Saturday, August 19, 2006

Thunderstorm Rambling

The weather is perfect here. I mean perfect. Sixty-eight to 72 degrees year round. Lots of sun. Slight ocean breeze. Perfect.

And despite loving it and feeling refreshed by the ocean waves and the sun and the breeze, sometimes I want a thunderstorm.

Tonight I bought a thunderstorm on iTunes. $9.99. Ten dollars for a thunderstorm. I know it's not the same as the real thing, but it's the closest I'm going to get here in the land of perfect weather.

I'd been wanting a thunderstorm for a while. This ways I got the bonus "Rainshower," "Rolling Thunder," "Southern Swamp," etc. I can just play them on repeat and be in control of my audio weather whenever I need a good sky cry.

That along with my day off and some introspection got me thinking about my life. Always a bit of a dangerous undertaking, particularly for me for some reason...or maybe for everyone and no one really talks about it too much.

I remember when I was getting my letters of recommendation together for med school. One of my literature professors said it was the first letter of the sort that she'd written. She said it was a shame I wasn't going into literary reviews--that I was very imaginative and natural with it--but that I guess we needed doctors with those skills too. In the end, I knew that the writing was too constantly and consitently close to thinking about myself. It turned all of my thoughts inward and asked me to constantly question and evaluate and critique all human behavior and knowledge and desires.

In a way, medicine is similar, but it's much more turned outward. It of course touches and affects who you are, but it also has the "rules" of science and the ample social aspect to dilute the introspection and self-analysis that can get me so tied up into teleologic knots.

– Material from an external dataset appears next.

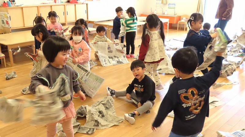 今日は,年少さんが新聞遊び,年中さんはクラス一緒に朝の自由遊び,年長さんは卒園式の練習でした!
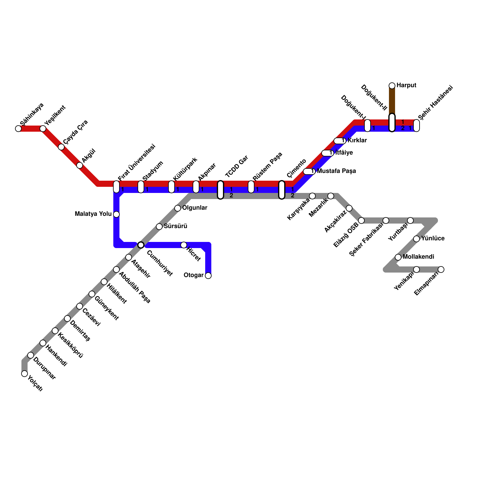 Elâzığ Raylı Sistem Ağ Haritası (real)

The thunderstorm wish got me thinking about how I seem to often want something different than that which I have. It snows, and I want the beach. It is sunny and I want a thunderstorm. He leaves me and I want him to stay. He stays and I want him to go. I'm not the only one--I know of at least a few others in my own family.
And maybe there are more closet wonderers out there.

Maybe they're all the INFPs of the world (Meyer Briggs)--idealists who can become disillusioned. It's a tough road. My dad is one, too. When he found out that I'd taken the test and was the same as him, his first response was, "Oh no! I'm sorry." Really.

It always seems to leave me thinking about how things could be better. Trying to change them. Then getting sometimes frusterated if they are not as good as I know they could be. Not only for myself, for the families at the hospital, for the patients in the wards, for the homeless people who sleep on the benches along the boardwalk, and for me, too.

I've always had fantasies about what my future would be like. In comparing my present to what I thought it would be, it's professionally better than I could have imagined. I love the career I've chosen. It opens so much opportunity for growth and change and help. It's a lot of work and stress, but I can handle that. In fact, I even seem to do better with more stimulation.

Personally, my life is not quite what I pictured. Instead of taking care of everyone else's babies, I thought I'd have one of my own by now. At least one. Or at least someone with whom I wanted to have children.

Many women doctors, by the nature of their career choice, don't have children until they are AMA ("Advanced Maternal Age" = 35). It's a trade-off that I'm not sure we all thought that much about when starting medical school.

Anyway, when I step back and look at the bigger pattern of my life, there is always that element of "the grass is greener."

I would be with someone nice and want the "rebel" man instead. I would be with him and then want him to treat me nicely like the first guy had. At what point does it come back to me just deciding what and who I want? At what point is it me deciding to be satisfied with the grass I have? "One bird in hand in worth two in the bush."

When do I decide to just accept situations for what they are instead of always trying to change them and improve them? And in the process, and by comparison with my vision of what it "should" be, becoming dissatisfied with the way that it actually is.

I get my sunny ocean surf, and what do I do? Buy a thunderstorm.